Four o' clock. It would be three more hours to
go until the fighting started. At least he and his troops wouldn't have to go
far to take up their positions--the enemy was right inside former old school warehouse
building, two flights down. That's more or less the way things had been since
the Java Convention of 2022 confined fighting to indoor locations at night.
There had been just too many civilian casualties, and after thousands of years
of warfare, the United Nations got fed up and decided to do something about it.
Of
course, the nations of the world were prepared to do what they always did –
ignore U.N. resolutions – if not for an extraordinary event. Josh still remembered
where he was at the time – he had been at a party smoking hashish, and he was
sure it had been so powerful, he was having delusions. A mysterious figure who
called himself the Healer appeared in
public places simultaneously in every country in the world, on every screen,
speaking a thousand languages all at once, pleading for the world to adopt the
Java ideas. If mankind was too immature to stop war, he thundered, at least war
could be contained.
The
next day, he spoke again. And on the third day, houses of worship, as if by
magic, sprung up fully built on every continent, and the Healer once again
appeared. These sanctuaries, he told the world, were set up for people to
confess their sins, to give offerings, to vow to love their brothers and sisters,
and to meditate and study sacred texts of all the world’s traditions. He bid
the world goodbye, saying that he would return every 100 years – but in the
meantime would impart wisdom to certain select individuals as well as watch
over everybody else. The world’s religions merged into one, skeptics became
believers, and the Java Convention’s resolutions were passed. People’s awe of,
and fear of, the Healer was so strong that even the most aggressive nations and
semi-nations, even the most vicious fighters, scrupulously followed the new
rules of combat.
The
Java Convention may have put a damper on war, but it didn’t stop it. In at least half the world now, there weren’t
even any nations, just the two shifting alliances--the Force of Honor, our
side, and the Confederacy of Twelve, their side. Unlike the nations of the 20th
century, which controlled their populations through ideology, religion or
nationalism, neither alliance had any ideology to speak of. Instead, they
recruited members through neighborhood loyalty, village loyalty, family
loyalty. In a big-city neighborhood, one apartment building might be a Force
stronghold; an identical building across the street might be a Confederacy
stronghold. Everyone knew they both made their money from the sale of drugs and
of human organs for transplants. Josh often thought they were more similar to
the old-time organized crime families than anything else. And, of course, both
of them claimed the Healer was on their side.
Josh
stopped daydreaming, rubbed his eyes and looked around the room. The windows,
and indeed the walls, of the building were covered with sheets of the new alloy
Ziridium. Today’s powerful infrared cameras, if aimed from a window across the
street, could see every detail of every figure and every movement inside this
former school library building. All it took was for one Confederacy sympathizer
to set up a camera across the street, take his images and transmit them to the
Confederate troops inside.

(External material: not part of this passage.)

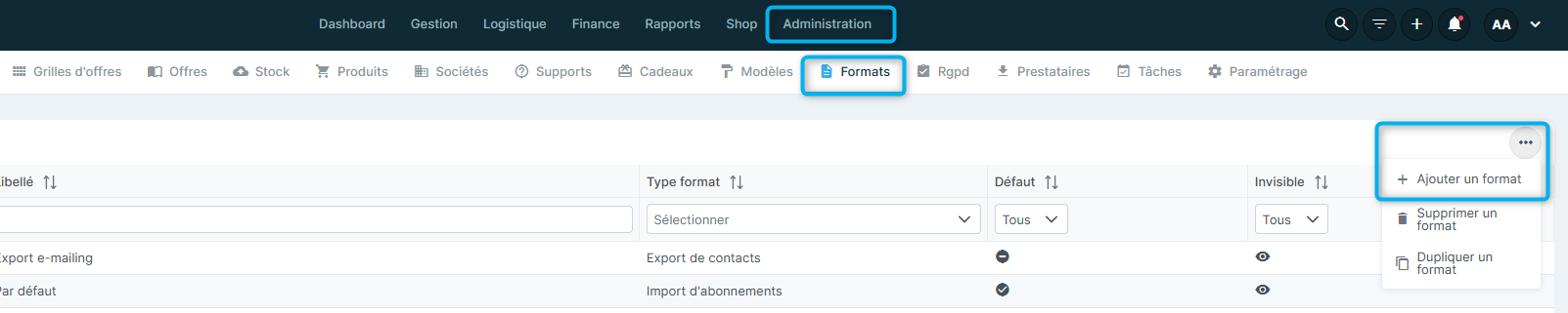 Donnez un nom au format puis sélectionnez le type 'Import d'abonnements'.

Ziridium was the only thing that could block the cameras.
Josh’s
own troops had no uniforms, although at least half of them wore the wool knit
“Goggie hats” that had become the unofficial emblem of the unit. Several of his
guys and girls had worn the same dirty, wrinkled clothes for two, three weeks.
Some slept, some played cards, some listened to music, some played with
miniature gameboards. Mahmoud and Hira slept on mats on the floor. Bucharest
Joe, stooped over with an intense look in his eyes, was reading a copy of the
Tibetan book of the Dead. I guess that's an appropriate choice for a man who
might die at any second, Josh reflected.
The
one thing none of the troops were doing was eating. The last rations of edible
food ran out yesterday—the United Nations truck was a week late now. The same
truck was supposed to take out the garbage, so the room was permeated with the
sickening smell of half-eaten, rotting food. Thank the Healer that at least the
toilets were working! And under U.N. rules, the only day fighters were
officially allowed to leave their positions, go outside and interact with the
local population was on Sunday. Then they eagerly ate at local restaurants,
even though the only things those restaurants usually had available were
sausages, bread and cheese, with a few cucumbers, olives, onions and tomatoes
thrown in.
Oh shit, he murmured. Caribou is pacing the
floor again! "God damn it!" said Caribou, a short, stocky man who had
served with Josh as an observer in Iceland a year or so ago. "Those bums!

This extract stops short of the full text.